Question

Question 4
The lengths of 40 leaves of a plant are measured correct to the nearest millimeter, and the data obtained is represented in the following table:

$\begin{array}{cc}Length\left(inmm\right)& Numberofleaves{f}_i\\ 118-126& 3\\ 127-135& 5\\ 136-144& 9\\ 145-153& 12\\ 154-162& 5\\ 163-171& 4\\ 172-180& 2\end{array}$

Find the median length of the leaves.

Answer 1

The given data does not have continuous class intervals.
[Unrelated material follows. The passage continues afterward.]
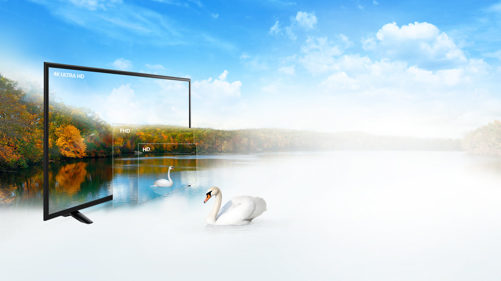 Telewizor 4K ULTRA HD pozwala cieszyć się wysoką jakością obrazu z każdego źródła. Jest wyposażony w funkcję skalowania obrazu 4K Upscaler, dzięki której audycje telewizyjne, filmy i transmisje sportowe o standardowej rozdzielczości mogą być wyświetlane z jakością zbliżoną do 4K. Tym samym, nawet w przypadku treści o standardowej rozdzielczości można podziwiać najdelikatniejsze szczegóły obrazu.

We can observe that difference between two class intervals is 1. So, we have to add and subtract $\frac{1}{2}=0.5$ from upper-class limits and lower class limits respectively.

Now, continuous class intervals with respective cumulative frequencies can be represented as below:

$\begin{array}{ccc}Length\left(inmm\right)& Numberofleaves{f}_i& Cumulativefrequency\\ 117.5-126.5& 3& 3\\ 126.5-135.5& 5& 3+5=8\\ 135.5-144.5& 9& 8+9=17\\ 144.5-153.5& 12& 17+12=29\\ 153.5-162.5& 5& 29+5=34\\ 162.5-171.5& 4& 34+4=38\\ 171.5-180.5& 2& 38+2=40\end{array}$

From the table, we observe that cumulative frequency just greater then $\frac{n}{2}(i.e.\frac{40}{2}=20)$ is 29, belonging to class interval 144.5 - 153.5.

Median class = 144.5 - 153.5

Lower limit $l$ of median class = 144.5

Class size $h$ = 9

Frequency $f$ of median class = 12

Cumulative frequency $cf$ of class preceding median class = 17, $Median=l+\left(\frac{\frac{n}{2}-c_f}{f}\right)\times h=144.5+\left(\frac{20-17}{12}\right)\times 9=144.5+\frac{9}{4}=146.75$

So, median length of leaves is 146.75 mm.